Hematopoietic Stem Cells

Hematopoietic stem cells (HSCs) are found in the bone marrow, peripheral blood and umbilical cord blood. These stem cells are responsible for the formation of the blood and immune cells, therefore, they provide a regular renewal of the blood in the body. In addition, it was shown by various studies that HSCs can differentiate into muscle, bone and blood vessel cells, in addition to epithelium, intestine, liver and neural cells. Thus, HSC is a great source for cell therapy applications and there are various studies using engraftment of HSC in the treatment of SCI. It was proven that direct injection of HSCs 1 week after the spinal cord injury in a mouse model promoted functional recovery and cell survival for up to 5 weeks (Koshizuka et al. 2004). Furthermore, expression of astrocyte, oligodendrocyte, and neural precursor markers were detected, but, expression of neural markers could not be observed. In another study, implantation of human CD34+ HSCs isolated from bone marrow into lesions of the developing spinal cord in the chicken embryo resulted in differentiation of HSCs into neuronal cells (Sigurjonsson et al. 2005). Expression of high levels of the neuronal markers, neuronal nuclear antigen (NeuN) and microtubule-associated protein (MAP2), by the transplanted cellular population was observed in addition to axon extension and neuronal cytoarchitecture formation.

Mesenchymal Stem Cells

Mesenchymal stem cell (MSC) is the other cell source that can be utilized in the treatment of SCI. Their use in cell therapies does not raise ethical concerns and debates due to their ease of isolation from various common sources such as bone marrow, umbilical cord blood and matrix, adipose tissues, etc. Each of these cells has different superiorities over the others. Even though the differentiation mechanism of transplanted MSCs in engraftment site is not clear, several in vivo studies showed that MSCs can migrate and differentiate into astrocytes and neurons depending on the extracellular matrix and the signal molecules in their environment. Most of the in vitro studies indicated that MSCs have a capability to transdifferentiate into neurons or glial cells upon treatment with appropriate combinations of growth factors and chemical stimulants, and several studies showed the functionality of these transdifferentiated neurons. Hu et al. (2010) reported that transplantation of umbilical cord MSCs (UC-MSCs) into rat spinal cord after a traumatic injury improved hind limb locomotor function recovery and achieved lengthening of neurofilament-positive fibers. It was found that the majority of the UC-MSCs were not differentiated into neuronal cells. However, the undifferentiated UC-MSCs released neurotrophin 3 (NT-3) and glial cell-derived neurotrophic factor (GDNF) after implantation. Thus, it was revealed that recovery was maintained through the production of the growth factors and cytokines by the UC-MSCs.

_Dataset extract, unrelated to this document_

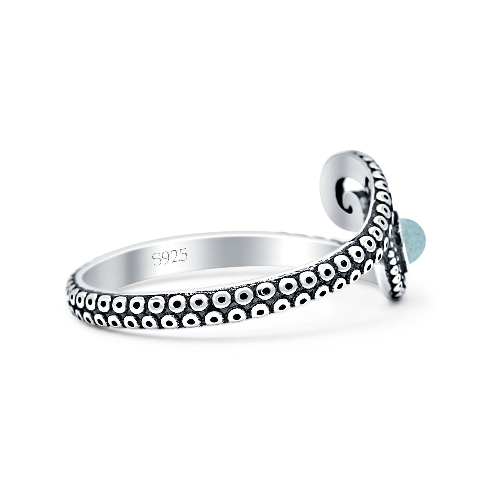 Round Larimar Octopus Tentacle Ring Oxidized 925 Sterling Silver Wholesale

Initially, MSCs were isolated from the bone marrow and to date these cells have been tested in numerous tissue engineering studies. In one such study, the survival, adhesion and proliferation of rat bone marrow-derived MSCs on 3D gelatin sponges coated with a thin layer of PLGA in vitro were high, and upon implantation of these MSC seeded scaffolds into rat SCI lesions the inflammatory reactions and the lesion cavity formation were reduced (Zeng et al. 2011).

Neural Stem Cells

During CNS development, after the gastrulation, neural plate is formed from the ectoderm. The proliferation and certain morphological changes of the cells within the neural plate lead to the closure of neural plate, and the neural tube and neural crest are formed. Neural crest gives rise to the peripheral nervous system during embryogenesis while the neural tube develops into the central nervous system. Neural stem cells (NSCs) are derived from the inner epithelial periphery of the neural tube and these neuroepithelial cells are induced by intrinsic factors and the extrinsic soluble signals to differentiate into mature neuronal and glial cells. This whole process is called neurulation. Before the 1990s, it was believed that neuron production in the central nervous system ceased after birth. However, this argument was refuted by numerous studies and the presence of NSCs in the CNS was shown. It was first reported by Reynolds and Weiss (1992) that multipotent stem cells expressing nestin reside in the adult brain and these cells can be isolated through neurosphere formation assay. NSCs, which are self-renewable, are generally cultured as neurospheres. NSCs evolve into precursors committed to specific neural cell lineages, and these cells are capable of differentiation into functional neurons, astrocytes and oligodendrocytes. Therefore, transplantation of these cells into the injured region of the spinal cord can lead to the formation of new neurons and oligodendrocytes, expression of growth factors, and support regeneration and functional recovery. Thus, the role of NSCs in regenerative medicine is to become neural cells to repair communication pathways, or to do remyelination of the growing axons, or to release neurotrophic factors to stimulate regeneration.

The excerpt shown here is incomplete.